Glenn, Chris, and Dan Gronkowski, FB/FB/TE FA – French Toast Crunch, Chocolate Toast Crunch, Cinnamon Toast Crunch Churros

Imagine being closely related to the absolute best of all time and not being very good yourself.

Melvin Gordon, RB DEN – Kix

Slightly sweet enough to get you interested initially, but after a few bites, you quickly realize it sucks. Five seasons in the league and only one season over 1,000 yards? One season with ZERO touchdowns? A solid floor but never going to be a league winner, if you’re hungry enough, it’ll do the trick, but this should never be your first choice.

Kerryon Johnson, RB DET – Lucky Charms

The whole is greater than the sum of its parts. Freeze-dried, hard marshmallows and cardboard-flavored puffy oats are both awful on their own, but together they are good, but not great. Johnson is an okay back who is good at everything but not great at anything, but for some reason, he has far more fans than he should.
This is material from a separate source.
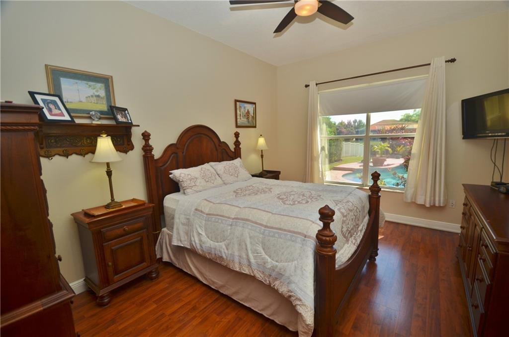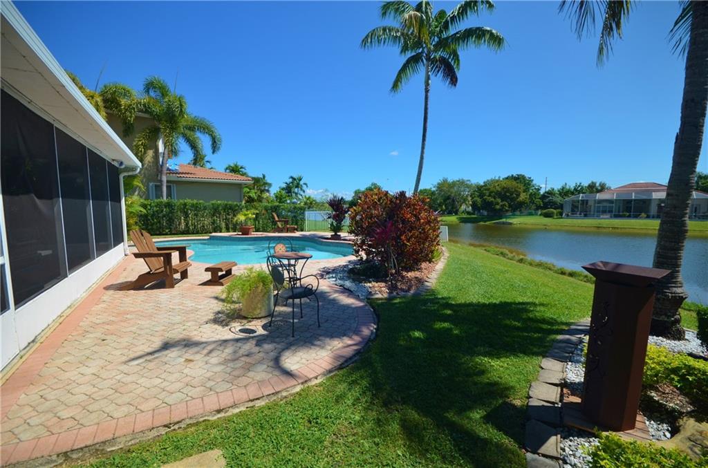 Wow!! Buyers will be happy coming home to this impeccable 1 story home on the cul-de-sac. Inviting Pool and Lake views!! From the foyer, and Living areas, you will enjoy the glowing tile flooring along with Laminate wood-like flooring in 2 of the bedrooms. This True 4 Bedroom model offers a split bedroom plan, with spacious closets; some with built-ins. The Stunning Kitchen, will leave nothing to be desired, with the wood cabinetry, Granite, Stainless appliance package, and a sunny breakfast nook. Master Bath and 2nd Bath have also been renovated with lovely cabinetry and counters. The full sized screened/roofed patio is tiled & ready for your family and friends to enjoy, 24 hour guard gated community....Tot Lot...Great School District and Low HOA fees for the area!

Jamison Crowder, WR NYJ – Rice Krispies

There’s nothing wrong with this at all. Underrated and overlooked, but as steady as they come, just needs a little sugar to garner some attention and remind you how good it can be.

Baker Mayfield, QB CLE – Cocoa Puffs

Maybe Mayfield isn’t the cereal itself, but the chocolate milk that’s left behind. Mayfield has been surrounded with weapons and has been given every chance in the world to succeed. The players around him have an opportunity to elevate Mayfield, but will he do it? We’ll see if he can be turned into a bowl of delicious, sugary, chocolate milk.
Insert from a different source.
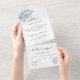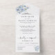 Invitación Todo En Uno flores y hojas acuarela azul polvoriento rústico
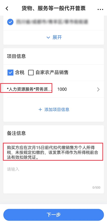 貨物、服務(wù)等一般代開(kāi)普票時(shí),若個(gè)人所得稅品目為勞務(wù)報(bào)酬、稿酬、特許權(quán)使用費(fèi)所得時(shí),納稅人信息確認(rèn)界面溫馨提示:本次代開(kāi)申請(qǐng)個(gè)人所得稅項(xiàng)目為勞務(wù)報(bào)酬、稿酬、特許權(quán)使用費(fèi)所得時(shí),由購(gòu)買(mǎi)方次月15日內(nèi)代扣代繳,如存在異議,請(qǐng)前往稅務(wù)大廳辦理。若為其他個(gè)人所得稅品目不顯示溫馨提示。

Diontae Johnson, WR PIT – Honey Nut Cheerios

Johnson might be the best player right under your nose, and nobody sees it coming. Injuries shook up the Steelers’ depth chart, but Johnson looked good as a rookie and led them in receptions and touchdowns. If he can take the next step in year two, he could make JuJu Smith-Schuster expendable as his contract expires. Don’t be shocked if Johnson is a steady, consistent, reliable option you can count on for years to come just like that box of Cheerios in your cupboard.

There are lots of cereal options for you to choose from every morning, just as there are lots of options as you build fantasy rosters. There are sleepers, rookies, washed-up veterans, post-hype sleepers, over-and-under-rated players, and everything in between. One of the most fun parts of dynasty football is playing the role of football prognosticator. You never know how a player will perform during a given season, let alone throughout a career, so pick players you’ll be happy to cheer for on Sundays and have fun.